----- EXERCISE INPUT

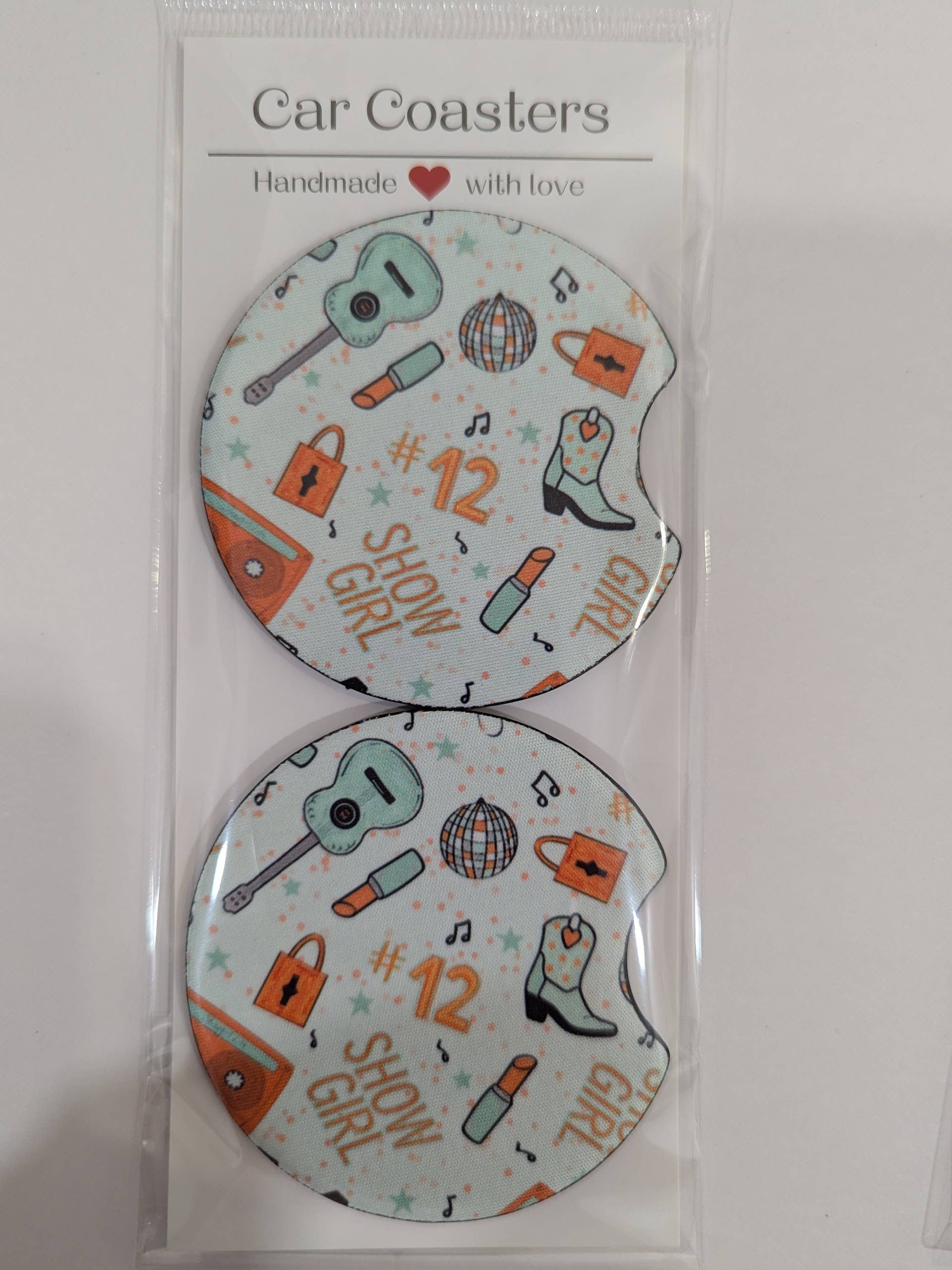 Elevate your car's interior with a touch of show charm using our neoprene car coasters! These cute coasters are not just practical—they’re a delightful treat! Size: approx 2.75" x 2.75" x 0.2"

----------
----- EXERCISE INPUT

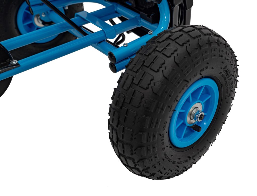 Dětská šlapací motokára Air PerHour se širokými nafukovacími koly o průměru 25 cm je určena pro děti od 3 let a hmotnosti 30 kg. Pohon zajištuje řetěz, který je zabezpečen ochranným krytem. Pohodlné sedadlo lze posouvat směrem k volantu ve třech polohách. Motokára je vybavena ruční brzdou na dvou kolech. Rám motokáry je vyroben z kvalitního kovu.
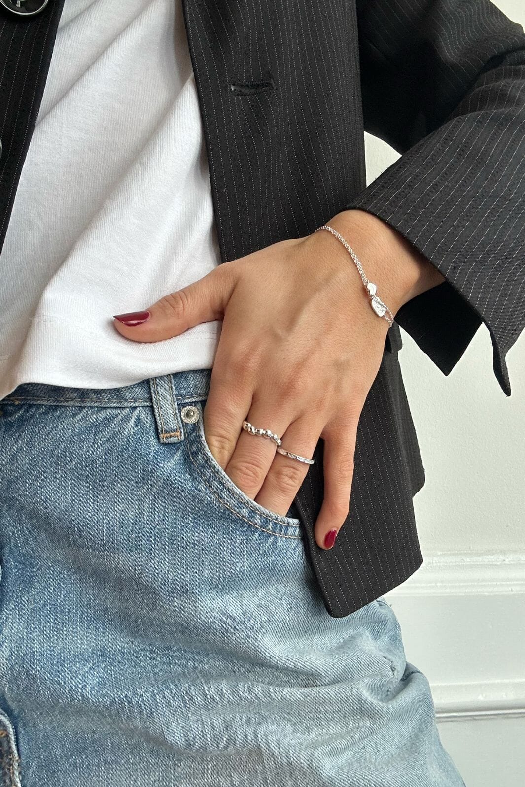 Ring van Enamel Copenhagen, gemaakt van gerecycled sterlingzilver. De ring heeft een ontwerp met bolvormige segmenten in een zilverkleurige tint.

----------

Within the listing above, the lines from the one with "Dětská šlapací motokára" through the one with "Ring van Enamel" are to be given again word for word. Do not include pictures.

 Dětská šlapací motokára Air PerHour se širokými nafukovacími koly o průměru 25 cm je určena pro děti od 3 let a hmotnosti 30 kg. Pohon zajištuje řetěz, který je zabezpečen ochranným krytem. Pohodlné sedadlo lze posouvat směrem k volantu ve třech polohách. Motokára je vybavena ruční brzdou na dvou kolech. Rám motokáry je vyroben z kvalitního kovu.
 Ring van Enamel Copenhagen, gemaakt van gerecycled sterlingzilver. De ring heeft een ontwerp met bolvormige segmenten in een zilverkleurige tint.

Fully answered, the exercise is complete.